Monthly Archives: May 2024

EP 239 Alex Fink on Improving Information Quality



Jim talks with Alex Fink about his company Otherweb, which uses AI to filter out fake news and create a more reliable news ecosystem. They discuss how Alex came to care about this problem, the decline of news media, how advertising wrecked the internet, the idea of an info agent, Otherweb’s curation engine, information filtering systems, unhooking the internet from advertising, the fight between AdBlock and Facebook, the decision to disinclude paywalled websites, economic tradeoffs of paywalling, AI in movie production, money-on-money return, initial results of the printing press, watermarking images, fair witnesses, how porn has driven internet innovation, catering to the seven deadly sins, social media addiction, binding the future of the company, public benefit corporations, the stewardship capital model, the crowdfunding process, and much more.

Alex Fink is a Tech Executive, Silicon Valley Expat, and the Founder and CEO of the Otherweb, a Public Benefit Corporation that uses AI to help people read news and commentary, listen to podcasts and search the web without paywalls, clickbait, ads, autoplaying videos, affiliate links, or any other junk. The Otherweb is available as an app (ios and android), a website, a newsletter, or a standalone browser extension.

 


EP 238 Sam Sammane on Humanity’s Role in an AI-Dominated Future



Jim talks with Sam Sammane about the ideas in his new book The Singularity of Hope: Humanity’s Role in an AI-Dominated Future. They discuss the hype around generative AI, obstacles to AGI, reinforcement learning, intuition & emotion, human-AI augmentation, rules of thumb, the plausibility of the brain as a quantum computer, Jim’s ScriptHelper project, machine-like jobs that will likely be automated, the age of retraining, using AI to self-augment, the digital proletariat, a compassionate approach to rethinking society, a priesthood for investing, AI-augmented drug discovery, a major uplift in education, love as an engine of learning, the danger of considering AI in education as cheating, personal info agents, advances in tuning of LLMs, brain-computer interfaces, roads toward AGI, the pure AI singularity, the limits of our understanding of intelligence, collecting wisdom, and much more.

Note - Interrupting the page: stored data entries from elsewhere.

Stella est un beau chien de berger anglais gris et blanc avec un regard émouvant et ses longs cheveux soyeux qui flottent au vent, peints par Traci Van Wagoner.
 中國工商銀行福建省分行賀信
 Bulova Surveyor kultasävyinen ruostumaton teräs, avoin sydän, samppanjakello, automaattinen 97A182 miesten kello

Sam Sammane envisions a world in which rapid advancements in AI and technology have been harnessed for the greater good, creating a new age of global prosperity. He is a seasoned entrepreneur with multiple successful exits and an academician with a rich blend of expertise in applied physics, digital circuit design, nanotechnology, formal methods, life science, and business. Sam’s book The Singularity of Hope reflects his experiences and thoughts on the evolving relationship between AI, the economy, and the workforce.

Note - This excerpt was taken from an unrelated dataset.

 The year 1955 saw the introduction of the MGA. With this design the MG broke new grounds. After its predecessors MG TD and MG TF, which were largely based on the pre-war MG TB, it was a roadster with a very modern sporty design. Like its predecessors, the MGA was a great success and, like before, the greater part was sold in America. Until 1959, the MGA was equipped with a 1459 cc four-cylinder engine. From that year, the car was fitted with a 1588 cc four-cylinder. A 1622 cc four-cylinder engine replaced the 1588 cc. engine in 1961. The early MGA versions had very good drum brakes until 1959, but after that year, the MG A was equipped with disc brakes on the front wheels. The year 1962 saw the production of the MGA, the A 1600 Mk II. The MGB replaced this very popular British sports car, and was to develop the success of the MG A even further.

EP 237 Simon DeDeo on the Odds of Major Civil Violence



Jim talks with Simon DeDeo about their wager concerning the likelihood of civil violence and mass killings in America in the next decade. They discuss the terms of the wager, the appropriate orders of magnitude, Alex Garland’s Civil War, the American readiness to use violence, honor cultures, the movement from violence to political violence, industrial mass murder, polarization, the one-dimensionality of current elites, basins of attraction, statistical distributions of violence, Rene Girard’s theory of mimetic desire, measuring political distance, the constant motion of contemporary American political views, tribalization around red-blue politics, door-holding & just-so stories, sexual signaling, the unreality of woke debates, accumulating factors that could lead to a brushfire, gun rights, the dilettantism of extremist groups, 3 specific scenarios of inciting conflicts, making sense of a post-ideological world, the question of who rules, and much more.

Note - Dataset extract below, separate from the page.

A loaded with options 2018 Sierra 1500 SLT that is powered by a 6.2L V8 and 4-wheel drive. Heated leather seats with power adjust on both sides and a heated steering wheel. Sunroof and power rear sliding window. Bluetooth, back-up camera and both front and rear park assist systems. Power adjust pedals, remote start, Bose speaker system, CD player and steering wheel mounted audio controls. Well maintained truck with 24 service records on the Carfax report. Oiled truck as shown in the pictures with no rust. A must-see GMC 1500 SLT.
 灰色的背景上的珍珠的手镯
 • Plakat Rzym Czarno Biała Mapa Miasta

Simon DeDeo is an Assistant Professor at Carnegie Mellon University in the Department of Social and Decision Sciences, and External Professor at the Santa Fe Institute. He is also affiliated with the Cognitive Science program at Indiana University, where he runs the Laboratory for Social Minds. For three years, from 2010 to 2013, he was an Omidyar Fellow at the Santa Fe Institute. He and his collaborators study how people use words and signals, and the ideas they represent, to create a world. They have studied a diverse set of systems that includes the French Revolution, the courtrooms of Victorian London, the research strategies of Charles Darwin, the insurgency of modern-day Afghanistan, the emergent bureaucracy of Wikipedia, the creation of power hierarchies among the social animals, and the collusions and conspiracies of petrol stations in the American Midwest. They combine data from the contemporary world, archives from the deep past, statistical tools from cosmology, and models of human cognition from Bayesian reasoning and information theory to understand how cultures grow, flourish, innovate, and evolve.